Intel won the bid for the supercomputer project of the U.S. Department of Energy Argonne National Laboratory in 2019, Aurora supercomputing system will be built based on Sapphire Rapids and Ponte Vecchio to achieve ExaFLOP computing power. However, Intel has been delayed for several months due to R&D issues, the Aurora supercomputing system may not be available until 2022 to 2023. The US Department of Energy has decided to purchase a supercomputer built with AMD and NVIDIA chips. The supercomputing system is called Polaris.

The Polaris supercomputing system will be launched this year as a software test machine of the Argonne National Laboratory and will do the preliminary work for the future Aurora supercomputing system. Nvidia officially stated that the Polaris supercomputing system will use four Nvidia A100 computing cards and two AMD EPYC 7532 processors on each node. There will be a total of 560 nodes, providing 44 PetaFLOPS of FP64 performance. Although it is weaker than the Aurora supercomputing system, it can still enter the top ten of the global supercomputing Top500 list.

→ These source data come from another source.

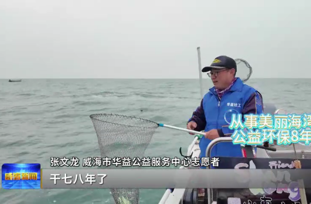 威海市华益公益服务中心志愿者张文龙说,干七八年了,平时出海的时候看见有漂浮物或者垃圾,随手就捞起来了。包括钓鱼这些人从以前随手扔到随手捡,威海本身就是卫生城市,路面干净了,那海水也是,旅游旺季的时候,拉那些游客,看见我们水这么清,海这么蓝,游客也愿意来。
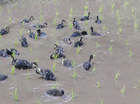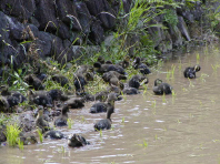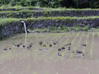 石垣と注ぎ込む水とアイガモ達絵になると思いませんか
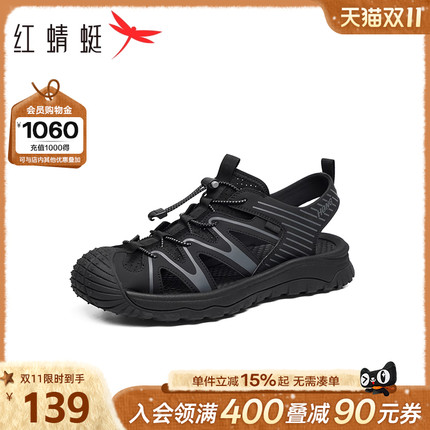 红蜻蜓沙滩鞋2025夏季新款男鞋包头溯溪鞋镂空户外徒步休闲凉鞋男
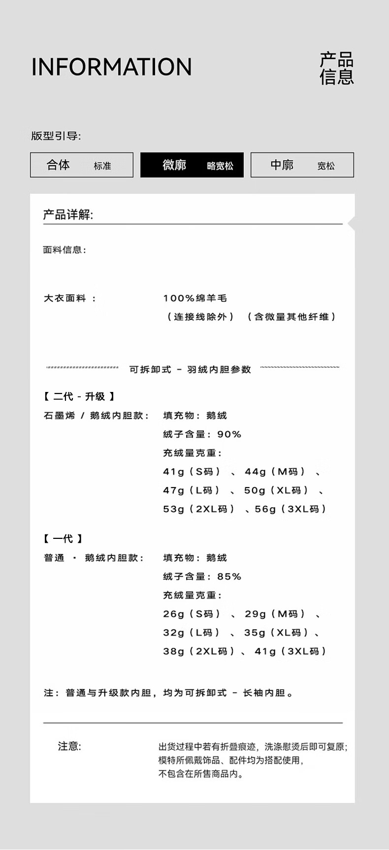 China (cm) 165 / 88-90 170 / 96-98 175 / 108-110 180 / 118-122 185 / 126-130
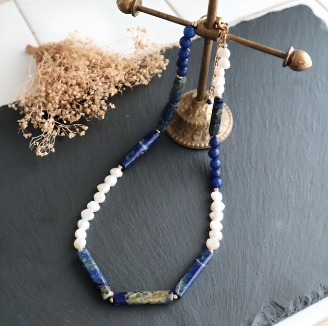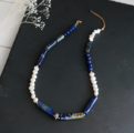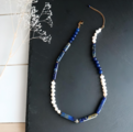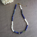 ●アフガニスタン産のチューブ型ラピスラズリとバロック型の淡水真珠をランダムに連ねました。
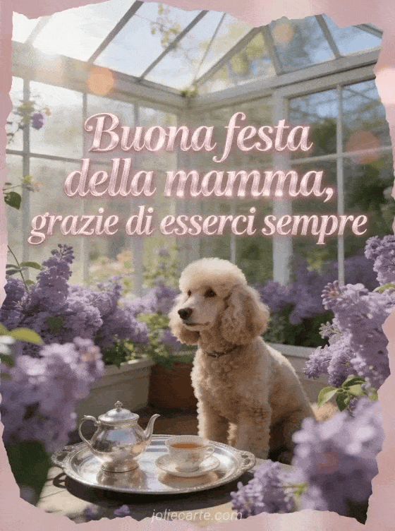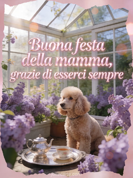 Ringrazia la mamma con un biglietto luminoso che mostra un barboncino fotorealistico in una serra piena di lillà accanto a un vassoio da tè argentato. Puoi inviare anche foto per la festa della mamma, un poema della festa della mamma o poesia per la festa della mamma.
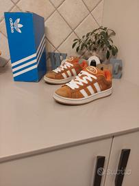scarpe adidas campus n 38 colore arancione e bianche con lacci bianchi nuovi e arancioni di ricambio usati con piccoli segni di usura dati dal normale utilizzo ma comunque in buone condizioni come da foto con scatola originale vendo a soli 19 euro per info o altre foto cell 333.2501209 anche WhatsApp
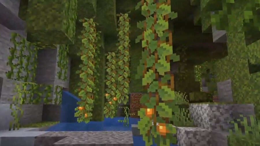 Un nouveau biome que vous pouvez vous attendre à voir s'appelle Lush Caves. Cela comprend un tas de végétation et de vignes suspendues. Vous aurez certainement l'impression d'être dans une grotte que les plantes ont envahie. Il y aura un nouvel arbre Azealia qui apparaîtra dans le monde extérieur, cela signifiera au joueur qu'il existe un biome de la grotte luxuriante si vous regardez ci-dessous où se trouve l'arbre!
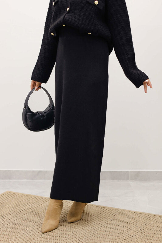 Dieser Strickrock aus Trikotstoff in Dunkelbraun, ist ideal für die neue Saison. Mit seinem Taschen- und Futterlosen Design verleiht er einen modernen und minimalistischen Look. Das Bleistift-Silhouette sorgt für eine elegante Präsenz und kann leicht mit allen Arten von Oberteilen kombiniert werden. Die mittlere Stärke des Stoffes sorgt für eine ideale Temperaturbalance während der Übergangszeit.
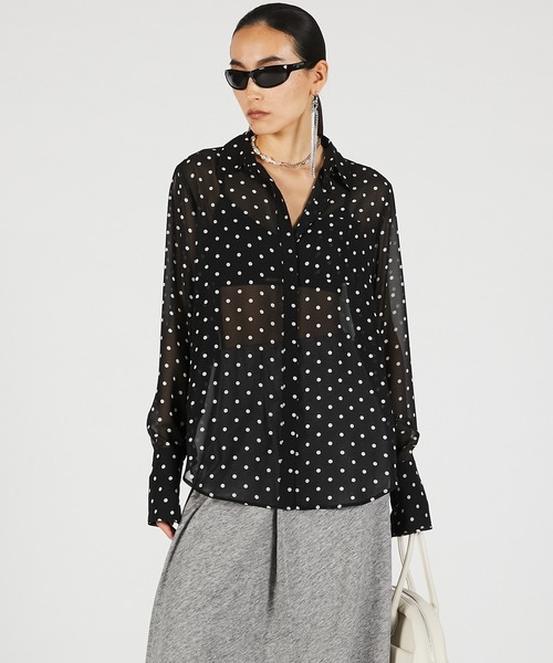 ーStyleー透け感のある柔らかな素材で仕立てたシアーシャツ。 軽量で肌離れが良い生地を使用し、春夏シーズンでもストレスなく着用できるアイテム。 タイトすぎずオーバーすぎないジャストなサイズ感で、タックパンツなどのマニッシュなスタイルが◎。 台衿にあしらわれたオリジナルのメタルモチーフがさりげないポイントに。 着用するだけでぐっとモードな印象に。 ーFabricー WHT・PNK→とろみとシャリ感のあるレーヨンシアー素材を使用。 柔らかな肌当たりで着心地のよい仕上がりに◎。 BLK→ドットプリントが施されたポリエステルのシフォンを使用。 ※注意点※繊細な素材の為、引っ掛け等によるほつれが起こる可能性がございます。 取り扱いには十分ご注意ください。 【PRANKPROJECT/プランクプロジェクト】 常識に縛られない洗練された大人の女性に向けて ”意外性”と”品の良さ”をMIXさせた 上質なNEWMODEBRAND ・商品のお気に入り登録再入荷、残り1点などの通知を受け取ることが出来ます。 ・ブランドのお気に入り登録新商品や再入荷、ショップのおすすめトピックスなど、いち早くブランドのお得な情報を受け取ることができます。
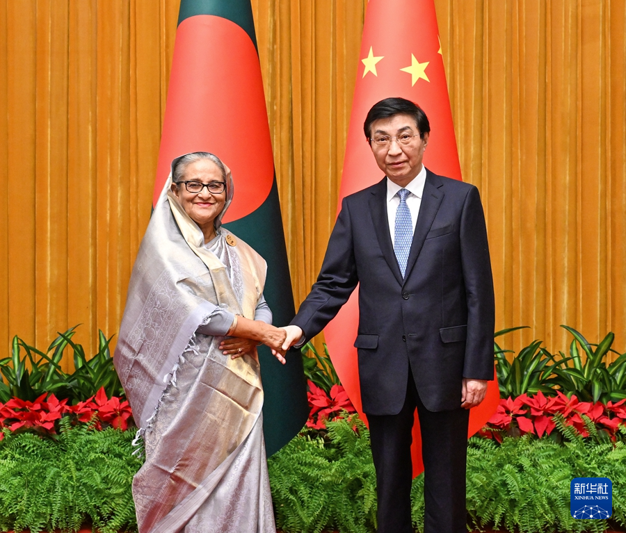 全國政協(xié)主席王滬寧9日在京會(huì)見孟加拉國總理哈西娜。

The Polaris supercomputer system supports Cray Slingshot high-performance scalable interconnection architecture, which means that this supercomputer is built by HPE. It should be similar to the Perlmutter used by the Lawrence Berkeley National Laboratory of the National Energy Research Scientific Computing Center. By March 2022, the Polaris supercomputing system will be upgraded, from Slingshot 10 to Slingshot 11 architecture to match the Aurora supercomputing system, and will be upgraded to EPYC 7543 processor.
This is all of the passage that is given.